Begin by preheating your oven to 350°F (175°C). Line two baking sheets with parchment paper or silicone mats to ensure your cookies bake evenly and release easily.
In a large bowl, use an electric mixer to cream together the softened butter, brown sugar, and granulated sugar until the mixture is light and fluffy, about 3 to 4 minutes on medium speed.
Beat in the eggs one at a time, mixing well after each addition. Then add the vanilla extract and blend until combined.
In a separate bowl, whisk together the all-purpose flour, baking soda, and salt to evenly distribute the leavening agent and salt.
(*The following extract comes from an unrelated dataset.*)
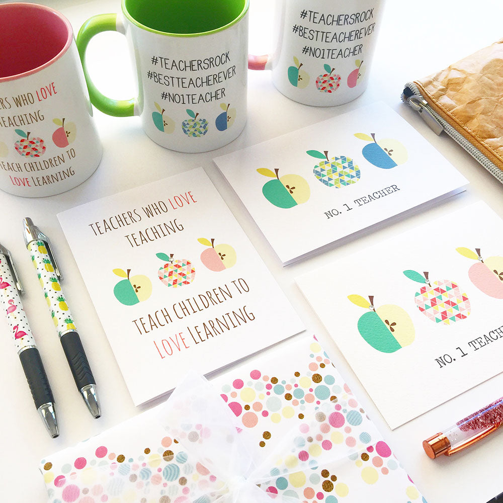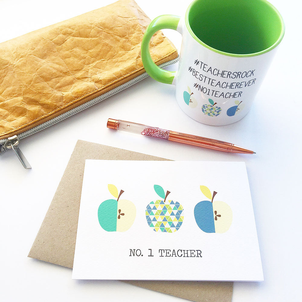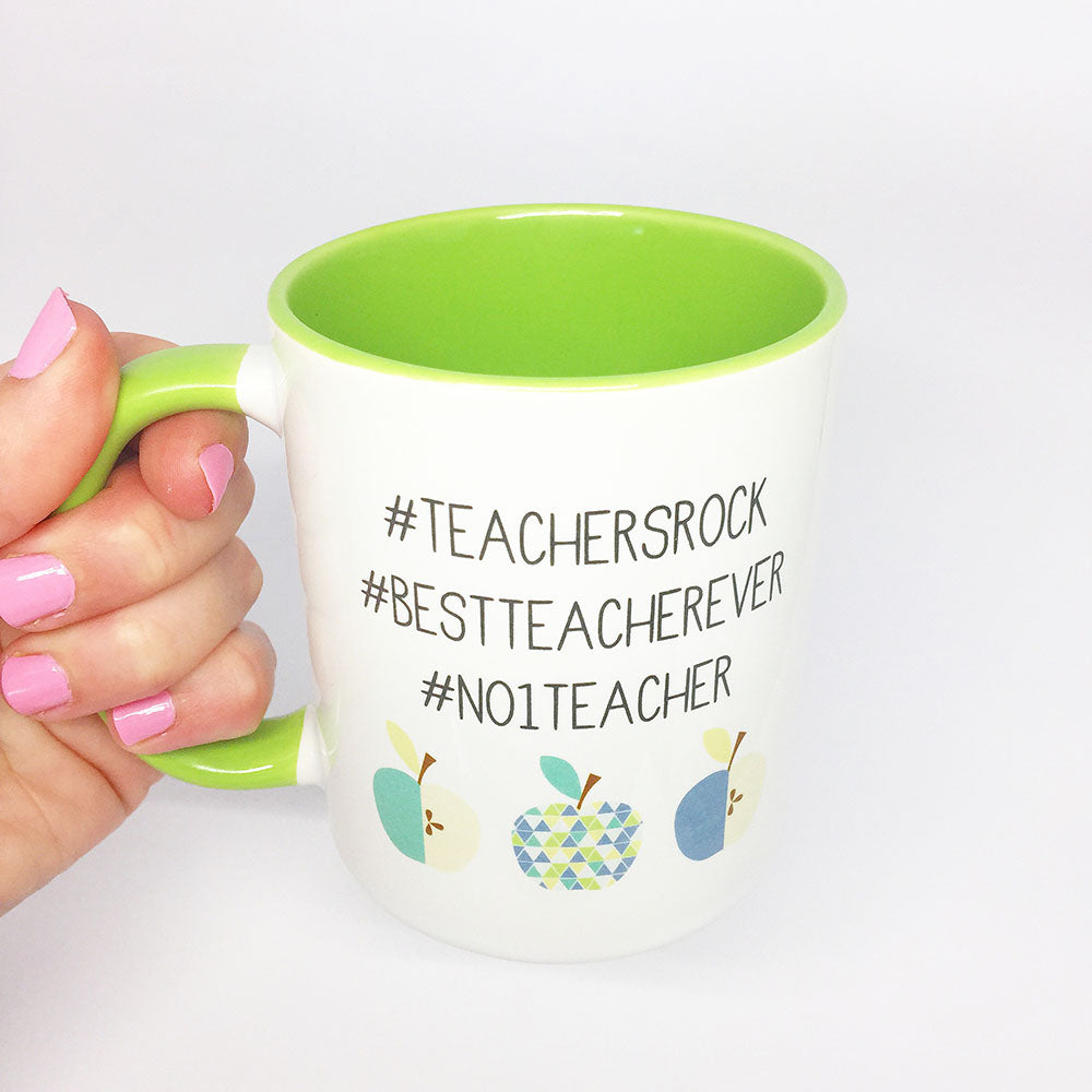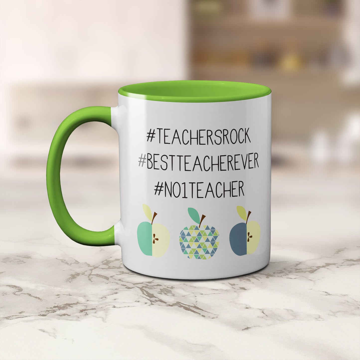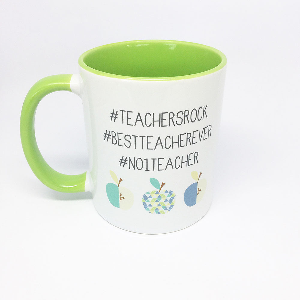 A bright coffee mug for that very special teacher with 3 Awesome Teacher Hashtags with 3 Geometric Blue and Green Apples. This is a 11oz white coffee cup with a gorgeous green handle and it is also green along the rim and inside. A fun mug for teachers.

Gradually add the dry ingredients to the wet mixture, mixing on low speed or folding gently with a spatula until just combined. Avoid overmixing.
Fold in the semi-sweet chocolate chips and espresso chips evenly throughout the dough.
Spoon half of the cookie dough onto the lined baking sheets, drizzle half of the caramel sauce over the dough, then gently fold or swirl the caramel into the dough. Repeat with remaining dough and caramel.
Using a cookie scoop or tablespoon, drop rounded spoonfuls of dough onto the baking sheets, spacing about 2 inches apart. Bake for 10–12 minutes until edges are golden but centers remain soft.
Allow cookies to cool on the baking sheets for 5 minutes before transferring to a wire rack to cool completely.